08/28/2017 • 9 minute read

This post is inspired by another blog post called “How do I modify a variable in Haskell?” by Michael Burge.

It got me thinking about different methods of printing Identity Matrices in Bash (because I am not smart enough to do it in Haskell), and because Rosetta Code was missing a Bash solution. (Update from 9/17/2017: they accepted my solution)

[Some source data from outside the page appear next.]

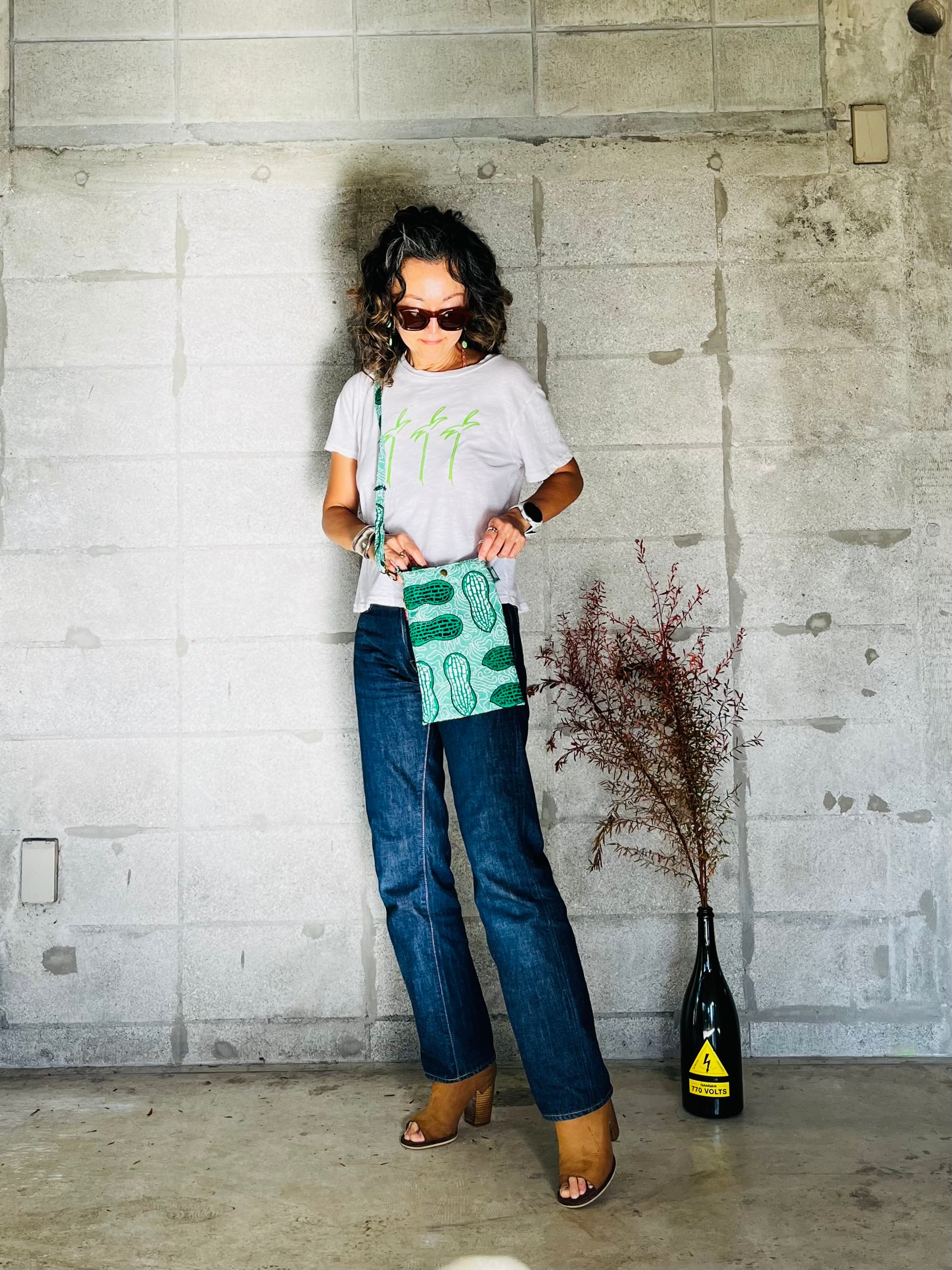最大8種の異なる布の組み合わせを楽しめる、気分の上がるショルダー付きミニ手提げです。
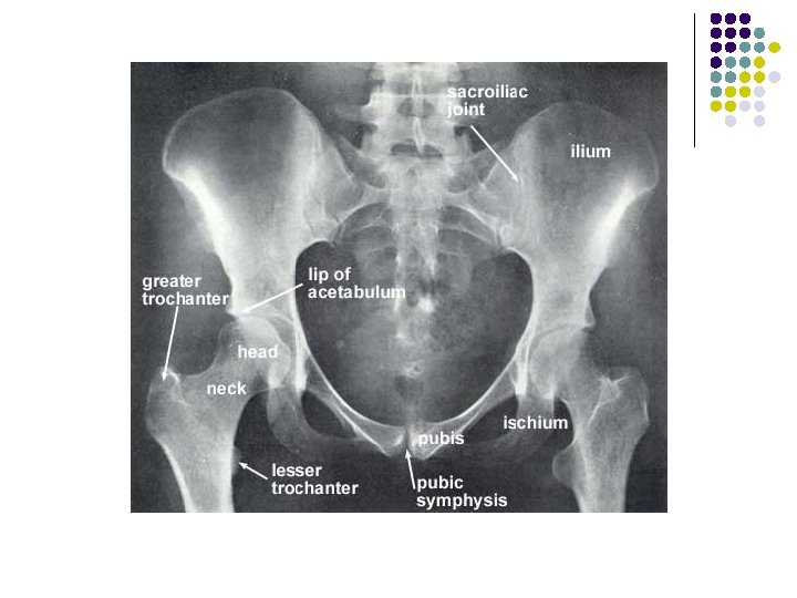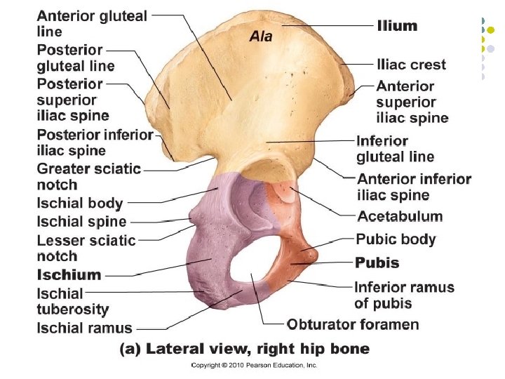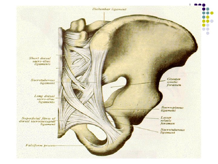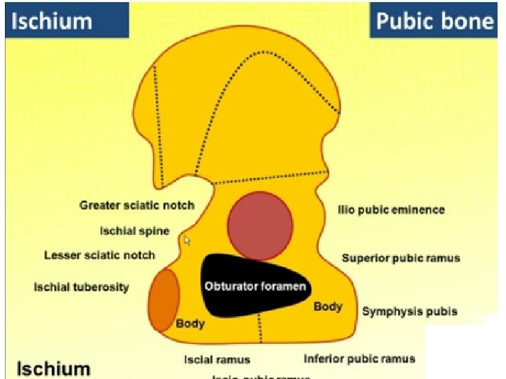 The ischium l l L shaped The body l l The ramus l l A lower thinner part, The ischial spine l l An upper thicker part Projects from the posterior border of the ischium and intervenes between the greater and lesser sciatic notches. l Converted into greater and lesser sciatic foramina by the presence of the sacrospinous and sacrotuberous ligaments The ischial tuberosity l Forms the posterior aspect of the lower part of the body of the bone.
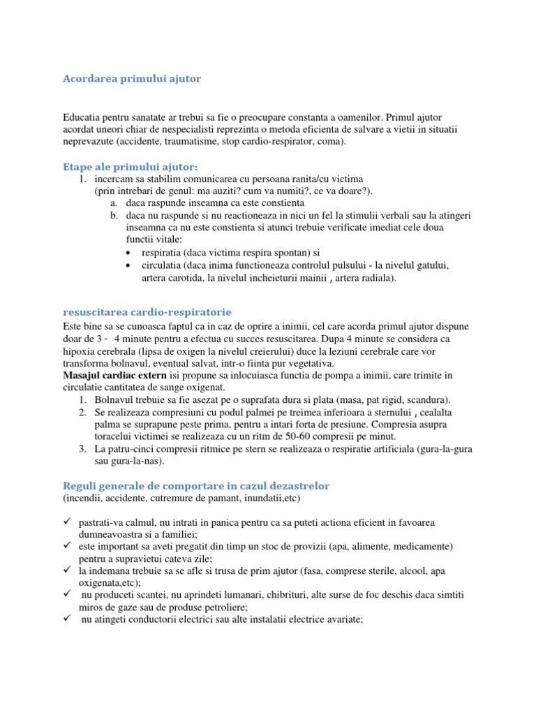 Primul Ajutor Medical In Caz De Situatii Exceptionale Si Accidente
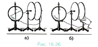 Электрический разряд в газе. Возьмём электрометр с присоединёнными к нему дисками плоского конденсатора и зарядим его (рис. 16.26, а). При комнатной температуре, если воздух достаточно сухой, конденсатор разряжается очень медленно. Это показывает, что электрический ток, вызываемый разностью потенциалов в воздухе между дисками, очень мал. Следовательно, электрическая проводимость воздуха при комнатной температуре мала и воздух можно считать диэлектриком. Теперь нагреем воздух между дисками горящей спичкой (рис. 16.26, б). Заметим, что стрелка электрометра быстро приближается к нулю, значит, конденсатор разряжается. Следовательно, нагретый газ является проводником и в нём устанавливается электрический ток.
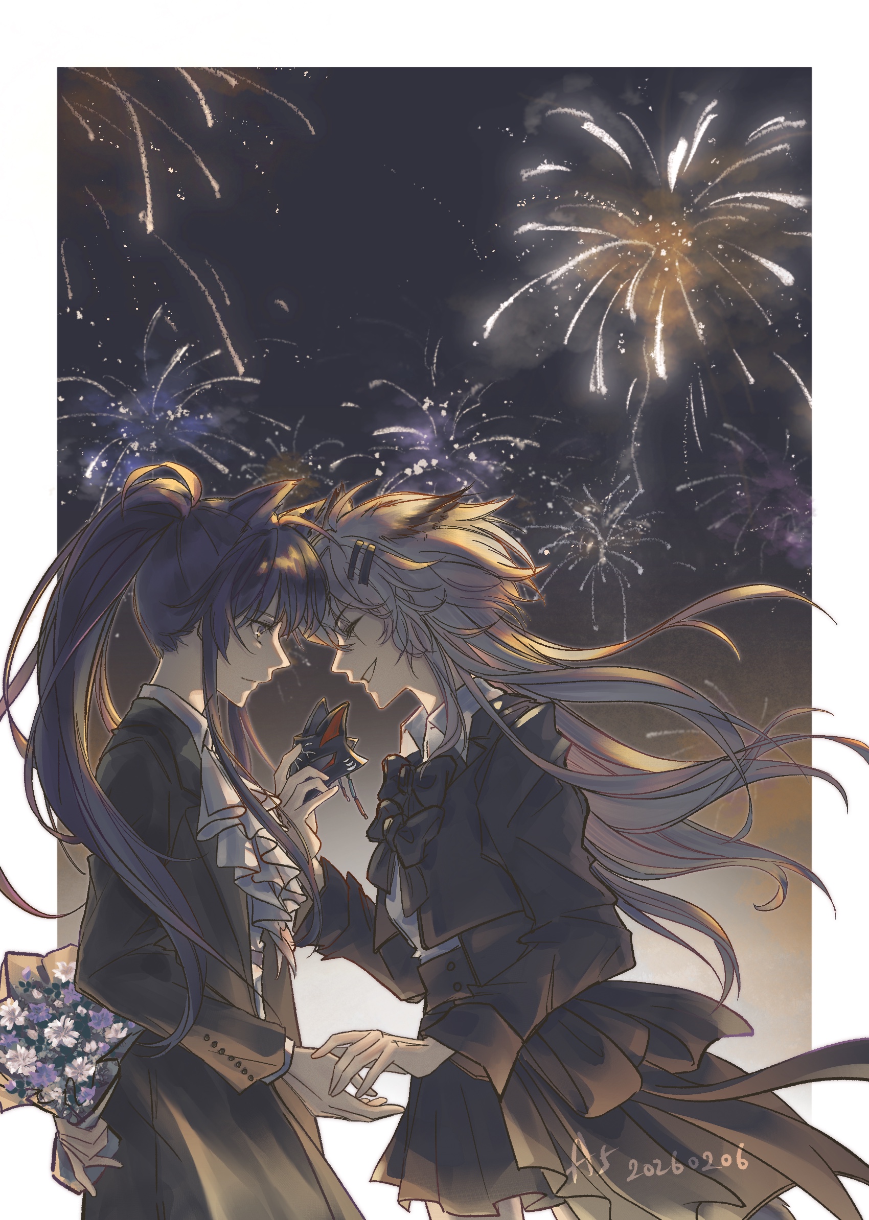 2girls a5wuni aerial_fireworks alternate_costume animal_ears arknights ascot backlighting black_jacket black_skirt bouquet chinese_commentary closed_eyes commentary_request dated face-to-face fireworks flower from_side grey_hair highres holding holding_bouquet holding_hands holding_mask jacket lappland_(arknights) long_hair long_sleeves looking_at_another mask multiple_girls night ponytail profile skirt sky smile texas_(arknights) white_ascot wolf_ears wolf_girl
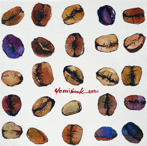 커피 원두를 하나씩 그리기 시작한다.

But first off, what is an Identity Matrix?

Identity Matrices

A square matrix in which all the main diagonal elements are 1’s and all the remaining elements are 0’s is called an Identity Matrix. Source

And here is an example (Source):

Picture of an Identity Matrix'

Alright, let’s get to generating them, or you can jump to my final solution

Using bc

I usually reach for bc if I need to do anything somewhat complex arithmetically in Bash. So let’s try that first.

With this script, I am going to try to do things “right” and not code-golf yet. It will also default to 10 if no argument is passed.

You can try it online or here it is:

#!/bin/bash
max="${*:-10}";
for i in $(seq "$max"); do
	echo "obase=2; $(( 1 << max - i))"\
		| bc \
		| xargs printf "%0"$max"d\\n";
done

This isn’t super complicated, but I will still break it down:

max="${*:-10}";

Pulls in all arguments, and defaults to 10 if none are provided.

for i in $(seq "$max"); do

Just generate the sequence of 1 to the target number.

echo "obase=2; $(( 1 << max - i))" | bc

This is where it gets fun. The obase=2 tells bc that we want base 2 instead of base 10 since we are doing bitwise changes next.

Then we do a left bitwise shift of the first argument minus the current position which gives us the numbers we need:

1000000000
100000000
10000000
1000000
100000
10000
1000
100
10
1

But we are missing the padding to make it a true Identity Matrix.

xargs printf "%0"$max"d\\n";

Pipes the output of bc to printf who uses its %Wd syntax to pad the output to W characters long, in this case the first argument, and then an explicitly escaped newline.

Which finally gives us what we want:

1000000000
0100000000
0010000000
0001000000
0000100000
0000010000
0000001000
0000000100
0000000010
0000000001

This is kind of wordy though and has a lot of drawbacks. For example:

$ ./bcIdentityMatrix 20
### Hundreds of Lines ###
printf: ‘10000000000000000000’: Numerical result out of range

Ouch. Looks like we are running into our system’s LONG_MAX of 9223372036854775807 which only gives us a maximum of a 19 digit diagonal matrix. Not very versatile at all.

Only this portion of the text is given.